Paula no podía creer lo asombrosamente deliciosa que era la torta. Con el primer mordisco, cerró los ojos como si estuviera en el cielo.


—¡Cielos! —suspiró—. ¡Esto es increíble!


Él también probó un bocado, riéndose al ver los ojos vidriosos de Paula


—Me alegro que te haya gustado.


Se quedaron sentados comiendo el postre, y Cricket disfrutó de cada bocado exquisito y decadente.


—Mañana voy a tener que correr algunos kilómetros más para quemar el exceso de calorías —dijo, recostándose hacia atrás en su silla y limpiándose la boca con delicadeza con la servilleta de lino.


Pedro firmó la cuenta que le trajo el mesero.


—Me aseguraré de que no tengas que correr esos kilómetros de más —le dijo, y le tomó la mano, para levantarla fácilmente de la silla.

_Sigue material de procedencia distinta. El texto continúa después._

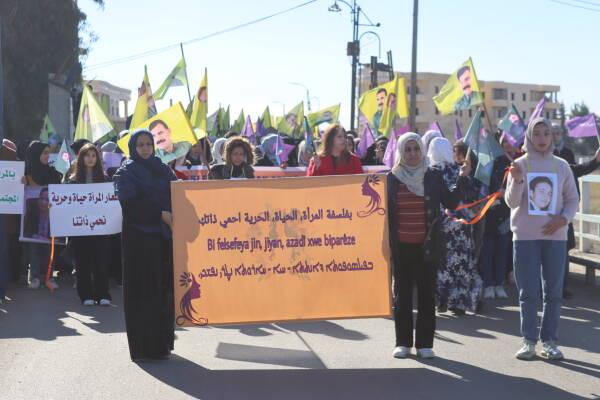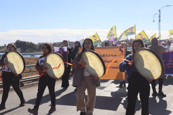 رفضاً للعنف الممارس بحق المرأة وتأكيداً على مواصلة النضال حتى القضاء عليه، شهدت مناطق إقليم شمال وشرق سوريا مظاهرات حاشدة تزامناً مع اليوم العالمي لمناهضة العنف ضد المرأة.

Paula tomó su cartera y lo siguió, aunque no entendió bien a qué se había referido con el comentario. Pero apenas estuvieron en el vestíbulo, y le entregó al valet su ticket, la tomó entre sus brazos y la besó. Ese beso no se parecía en nada a los otros dos que habían compartido aquella mañana. 


Era más potente, más intencionado. Y se derritió igual que el chocolate, aferrándose a él, como si fuera la única parte normal de su mundo.


El valet carraspeó, parado incómodo detrás de ambos.


Pedro se apartó, con una mirada satisfecha cuando se dio cuenta de que los ojos de ella estaban vidriosos una vez más, esta vez por el beso y no por la torta de chocolate.


—Vamos —dijo, y le tomó la mano para ayudarla a entrar en su lujoso auto.


Para cuando Paula recuperó la cordura, ya estaban alejándose en el auto.


—¿Adonde vamos? —preguntó, de pronto nerviosa.


—Vamos a mi casa —dijo, y le tomó la mano para acercarla de modo que sus dedos quedaron entrelazados con los de ella. Pero lo que hizo que su mente se pusiera en blanco fue el modo en que apoyó las manos de ambos sobre su muslo. Podía sentir el movimiento de los músculos cada vez que cambiaba del acelerador al freno. No se dio cuenta, pero se quedó mirando las manos o su muslo durante todo el camino a su casa.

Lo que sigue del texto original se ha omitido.